“Not by a jugful!” said the farmer. “I tell you he’s all right, Captain, an’ folks will know it ’fore long.”

CHAPTER III

Springtown was about twelve miles west of Darley, only a mile from Captain Duncan’s house, and half a mile from Pole Baker’s humble cottage and small farm. The village had a population of about two hundred souls. It was the county seat; and the court-house, a simple, ante-bellum brick structure, stood in the centre of the public square, round which were clustered the one-storied shops, lawyers’ offices, cotton warehouses, hotel and general stores.

Chief among the last mentioned was the well-known establishment of Mayhew & Floyd. It was a long frame building, once white but now a murky gray, a tone which nothing but the brush of time and weather could have given it.

It was only a week since Captain Duncan’s talk with Pole Baker, and a bright, inspiring morning, well suited to the breaking of the soil and the planting of seed.
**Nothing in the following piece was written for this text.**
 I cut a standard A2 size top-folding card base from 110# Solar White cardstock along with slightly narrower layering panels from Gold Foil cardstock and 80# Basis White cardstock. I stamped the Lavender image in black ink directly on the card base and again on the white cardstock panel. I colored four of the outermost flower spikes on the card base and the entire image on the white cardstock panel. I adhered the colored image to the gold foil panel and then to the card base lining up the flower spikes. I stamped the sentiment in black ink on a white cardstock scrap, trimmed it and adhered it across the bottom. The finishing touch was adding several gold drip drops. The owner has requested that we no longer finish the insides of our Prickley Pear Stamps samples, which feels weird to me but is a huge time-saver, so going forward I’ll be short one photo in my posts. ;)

The village was agog with the spirit of hope. The post-office was filled with men who had come for their mail, and they stood and chatted about the crops on the long veranda of the hotel and in the front part of Mayhew & Floyd’s store. Pole Baker was in the store talking with Joe Peters, the clerk, about seed-potatoes, when a tall countryman in the neighborhood of forty-five years of age slouched in and leaned heavily against the counter.
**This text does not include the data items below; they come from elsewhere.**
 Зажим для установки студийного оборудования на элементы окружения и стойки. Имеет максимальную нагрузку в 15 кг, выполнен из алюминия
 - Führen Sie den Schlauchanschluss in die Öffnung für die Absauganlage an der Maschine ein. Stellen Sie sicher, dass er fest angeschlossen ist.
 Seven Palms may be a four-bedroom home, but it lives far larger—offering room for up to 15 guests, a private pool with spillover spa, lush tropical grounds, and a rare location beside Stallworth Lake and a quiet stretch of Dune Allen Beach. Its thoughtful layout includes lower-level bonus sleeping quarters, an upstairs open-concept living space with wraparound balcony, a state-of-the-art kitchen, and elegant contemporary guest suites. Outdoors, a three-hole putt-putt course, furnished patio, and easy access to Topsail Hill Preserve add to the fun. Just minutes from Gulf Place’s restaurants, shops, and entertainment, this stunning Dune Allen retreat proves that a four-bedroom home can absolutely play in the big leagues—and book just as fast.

“I want a box o’ forty-four cartridges,” he said, drawing out a long revolver and rapping on the counter with the butt of it.

“What! you goin’ squirrel huntin’?” Peters laughed and winked at Pole. “That gun’s got a long enough barrel to reach the top o’ the highest tree in these mountains.”

“You slide around behind thar an’ git me them cartridges!” retorted the customer. “Do yore talkin’ to somebody else. I’ll hunt what an’ whar I want to, I reckon.”

“Oh, come off yore perch, Jeff Wade!” the clerk said, with another easy laugh. “You hain’t nobody’s daddy. But here you are. Forty cents a box, full count, every one warranted to make a hole an’ a noise. Want me to charge ’em?”